-- Task statement --
Reproduce each record exactly, but exclude every picture.

-- The data --
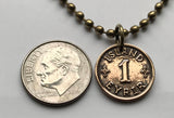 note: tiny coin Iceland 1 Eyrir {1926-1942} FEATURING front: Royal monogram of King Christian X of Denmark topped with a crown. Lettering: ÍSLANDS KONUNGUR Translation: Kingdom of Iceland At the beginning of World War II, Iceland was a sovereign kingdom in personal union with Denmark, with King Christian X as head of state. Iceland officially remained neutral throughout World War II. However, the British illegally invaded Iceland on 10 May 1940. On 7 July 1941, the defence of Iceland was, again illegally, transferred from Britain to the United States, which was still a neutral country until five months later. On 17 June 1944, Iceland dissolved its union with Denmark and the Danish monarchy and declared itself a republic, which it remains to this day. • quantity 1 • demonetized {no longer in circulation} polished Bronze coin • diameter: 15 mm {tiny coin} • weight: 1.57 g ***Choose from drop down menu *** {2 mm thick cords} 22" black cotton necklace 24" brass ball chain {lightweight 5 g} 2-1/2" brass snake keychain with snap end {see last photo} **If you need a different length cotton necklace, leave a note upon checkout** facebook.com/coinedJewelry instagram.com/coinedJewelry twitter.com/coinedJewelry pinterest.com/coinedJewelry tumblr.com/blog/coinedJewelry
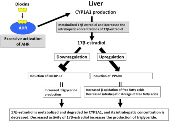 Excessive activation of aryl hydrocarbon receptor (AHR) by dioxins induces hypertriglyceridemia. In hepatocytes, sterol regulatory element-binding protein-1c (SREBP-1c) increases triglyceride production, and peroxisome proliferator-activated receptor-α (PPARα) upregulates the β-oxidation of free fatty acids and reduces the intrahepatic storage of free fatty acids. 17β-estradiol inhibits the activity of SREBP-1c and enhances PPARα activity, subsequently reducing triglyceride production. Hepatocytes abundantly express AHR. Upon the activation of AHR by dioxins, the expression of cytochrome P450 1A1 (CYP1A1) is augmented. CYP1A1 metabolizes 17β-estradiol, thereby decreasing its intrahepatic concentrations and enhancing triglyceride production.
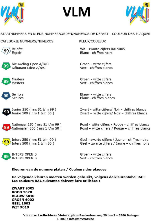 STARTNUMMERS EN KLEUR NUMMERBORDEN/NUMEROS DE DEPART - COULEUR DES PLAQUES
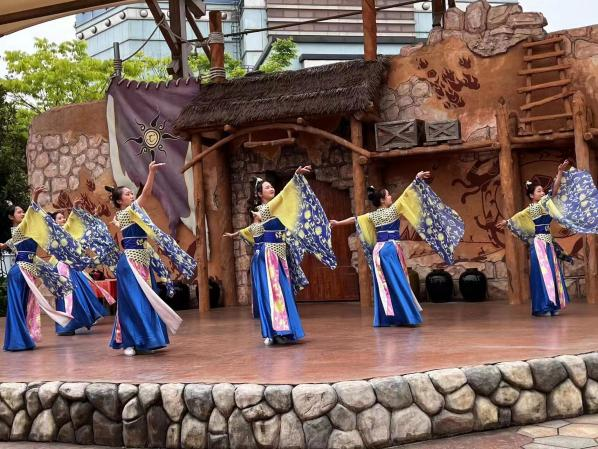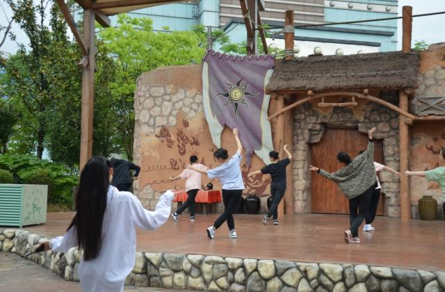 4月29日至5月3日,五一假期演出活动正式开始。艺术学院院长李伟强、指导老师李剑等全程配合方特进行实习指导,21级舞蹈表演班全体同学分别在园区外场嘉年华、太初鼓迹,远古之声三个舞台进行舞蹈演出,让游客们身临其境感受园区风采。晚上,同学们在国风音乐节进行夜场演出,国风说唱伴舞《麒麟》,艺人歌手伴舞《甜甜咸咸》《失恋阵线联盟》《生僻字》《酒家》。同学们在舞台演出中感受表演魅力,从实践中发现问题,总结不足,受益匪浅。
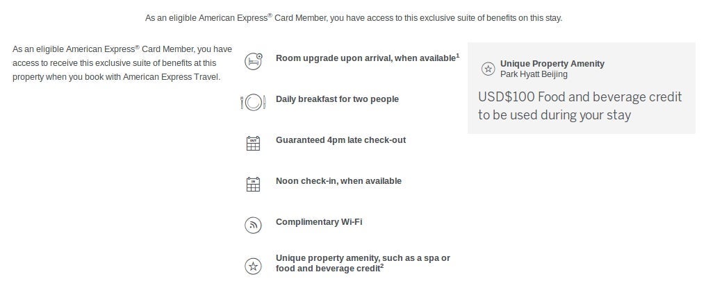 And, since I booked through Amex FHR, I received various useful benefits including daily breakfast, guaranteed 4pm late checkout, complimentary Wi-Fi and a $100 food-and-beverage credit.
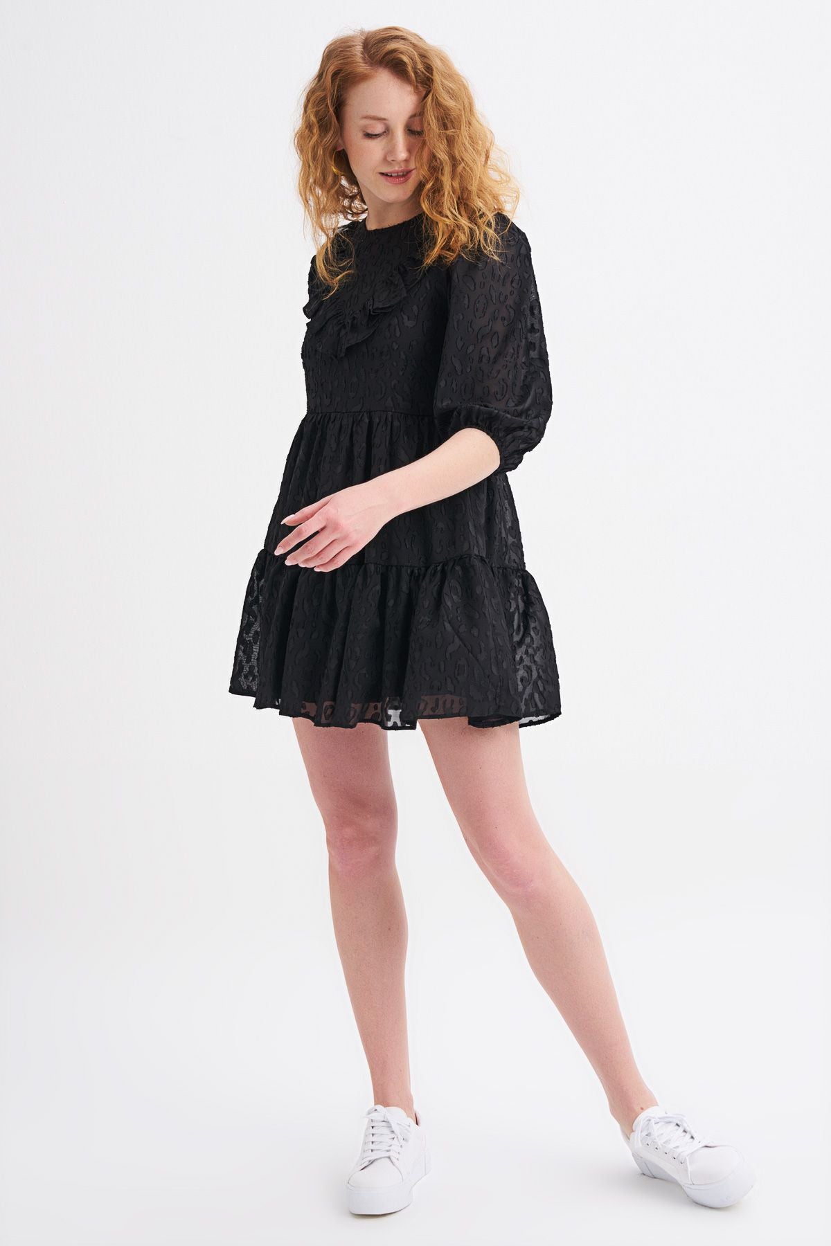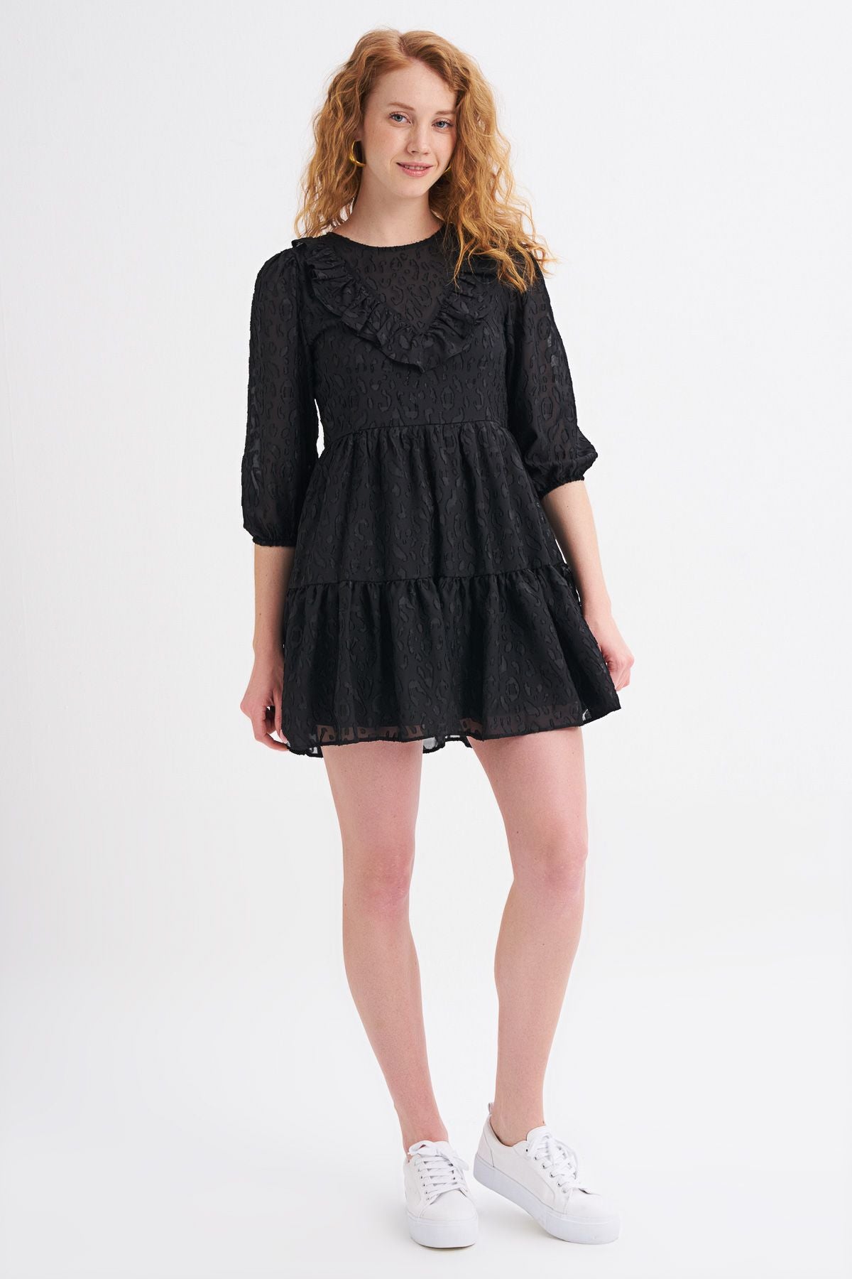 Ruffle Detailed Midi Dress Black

-- Exercise solution --
 note: tiny coin Iceland 1 Eyrir {1926-1942} FEATURING front: Royal monogram of King Christian X of Denmark topped with a crown. Lettering: ÍSLANDS KONUNGUR Translation: Kingdom of Iceland At the beginning of World War II, Iceland was a sovereign kingdom in personal union with Denmark, with King Christian X as head of state. Iceland officially remained neutral throughout World War II. However, the British illegally invaded Iceland on 10 May 1940. On 7 July 1941, the defence of Iceland was, again illegally, transferred from Britain to the United States, which was still a neutral country until five months later. On 17 June 1944, Iceland dissolved its union with Denmark and the Danish monarchy and declared itself a republic, which it remains to this day. • quantity 1 • demonetized {no longer in circulation} polished Bronze coin • diameter: 15 mm {tiny coin} • weight: 1.57 g ***Choose from drop down menu *** {2 mm thick cords} 22" black cotton necklace 24" brass ball chain {lightweight 5 g} 2-1/2" brass snake keychain with snap end {see last photo} **If you need a different length cotton necklace, leave a note upon checkout** facebook.com/coinedJewelry instagram.com/coinedJewelry twitter.com/coinedJewelry pinterest.com/coinedJewelry tumblr.com/blog/coinedJewelry
 Excessive activation of aryl hydrocarbon receptor (AHR) by dioxins induces hypertriglyceridemia. In hepatocytes, sterol regulatory element-binding protein-1c (SREBP-1c) increases triglyceride production, and peroxisome proliferator-activated receptor-α (PPARα) upregulates the β-oxidation of free fatty acids and reduces the intrahepatic storage of free fatty acids. 17β-estradiol inhibits the activity of SREBP-1c and enhances PPARα activity, subsequently reducing triglyceride production. Hepatocytes abundantly express AHR. Upon the activation of AHR by dioxins, the expression of cytochrome P450 1A1 (CYP1A1) is augmented. CYP1A1 metabolizes 17β-estradiol, thereby decreasing its intrahepatic concentrations and enhancing triglyceride production.
 STARTNUMMERS EN KLEUR NUMMERBORDEN/NUMEROS DE DEPART - COULEUR DES PLAQUES
 4月29日至5月3日,五一假期演出活动正式开始。艺术学院院长李伟强、指导老师李剑等全程配合方特进行实习指导,21级舞蹈表演班全体同学分别在园区外场嘉年华、太初鼓迹,远古之声三个舞台进行舞蹈演出,让游客们身临其境感受园区风采。晚上,同学们在国风音乐节进行夜场演出,国风说唱伴舞《麒麟》,艺人歌手伴舞《甜甜咸咸》《失恋阵线联盟》《生僻字》《酒家》。同学们在舞台演出中感受表演魅力,从实践中发现问题,总结不足,受益匪浅。
 And, since I booked through Amex FHR, I received various useful benefits including daily breakfast, guaranteed 4pm late checkout, complimentary Wi-Fi and a $100 food-and-beverage credit.
 Ruffle Detailed Midi Dress Black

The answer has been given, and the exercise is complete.